María Isabel Chorobik de Mariani, best known as “Chica de Mariani”. who passed away on August 20, one of the founders of the Abuelas de Plaza de Mayo association – are calling for justice for their children and grandchildren, more than forty years after the fall of the Videla military junta and, for the Mexican towns, twenty-five years after the events in Ciudad Juarez. In the city on the border between Mexico and the United States, from 1993 to 2005 there were over 300 femicides and to date, in the north-eastern region of the country alone, six thousand people have disappeared into thin air. Above all, the brutal violence against rights defenders is worrying: the Brazilian Committee for Human Rights Defenders reports that, between January and September 2017, 62 activists were killed in Brazil, most of them engaged in defense of the territory and of local populations, as also documented by a report (At what cost ?, 2018) by the NGO Global Witness: in 2017, 207 ‘environmental activists’ lost their lives in South America.
Berta Cáceres Siding in defense of the Lenca indigenous community and committed to safeguarding the Río Gualcarque, Cáceres was awarded the prestigious international Goldman Environmental Prize (2015), which fueled deep aversions towards it.
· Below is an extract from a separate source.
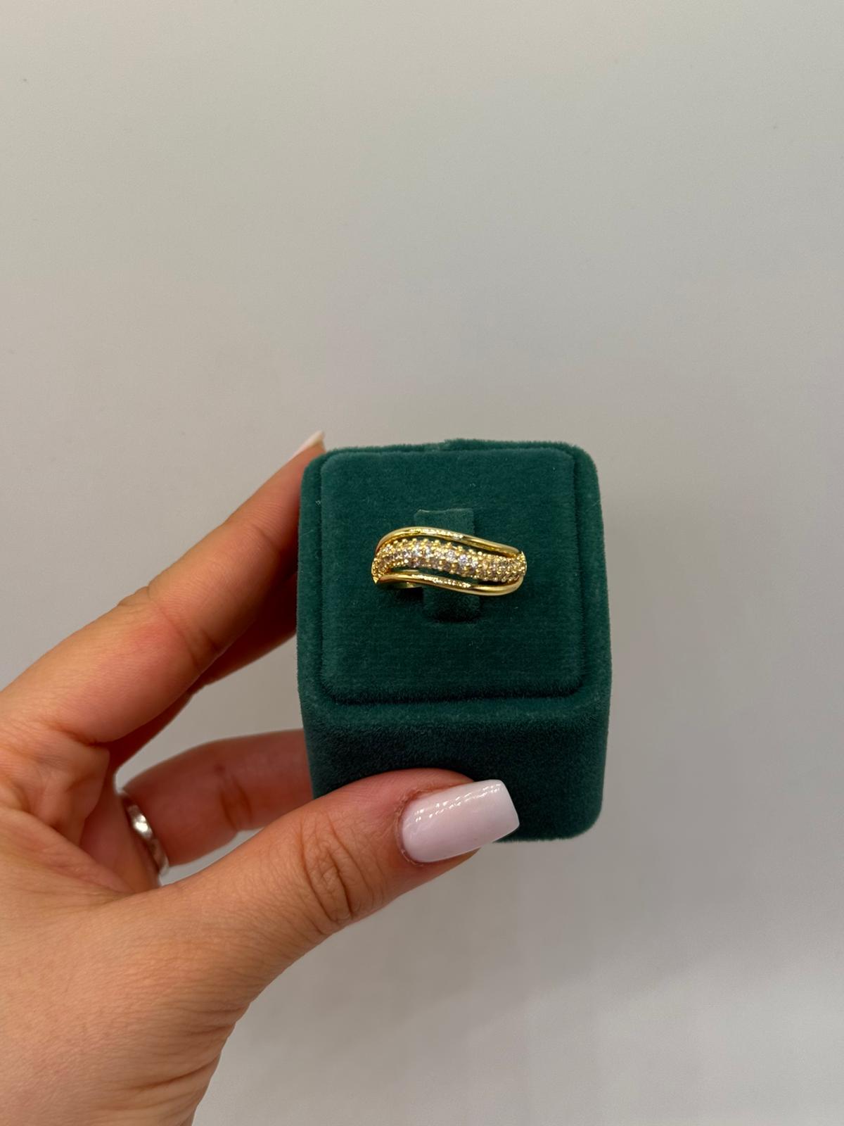 Altın Işıltı Xuping Yüzük, akıcı formu ve taşlı orta bandıyla sade şıklığı ön plana çıkarır. Parlak altın rengi kaplaması ve özenle dizilmiş taş detayları sayesinde zarif bir ışıltı sunar. Günlük kullanıma uygun hafif ve konforlu yapısıyla, tek başına şık bir tamamlayıcı olduğu gibi farklı yüzüklerle kombinlenerek de modern bir stil yaratır. Zamansız tasarımı sayesinde her yaş ve tarza kolayca uyum sağlar.

In Latin American ‘frontier spaces’, women’s courage collides with social prejudice, tested by political idiosyncrasies and threatened by criminal interests.
Mexico, reports an article from El Paìs, the protests of the ‘mitoteras’ have continued for months, thirty women desperate for uncensored children and husbands, ‘disappeared’ in the head-on confrontation that opposes the Mexican military to the drug cartels in the state of Tamaulipas, on the border with Texas. Karen, Jessica, Gabriela and Azeneth are just some of the women who, like the Argentine activist María ‘Chica’ de Mariani – who passed away on August 20, one of the founders of the Abuelas de Plaza de Mayo association – call for justice for their own children and grandchildren, more than forty years after the fall of the Videla military junta and, for the Mexican towns, twenty-five years after the events in Ciudad Juarez. In the city on the border between Mexico and the United States, from 1993 to 2005 there were over 300 femicides and to date, in the north-eastern region of the country alone, six thousand people have disappeared into thin air.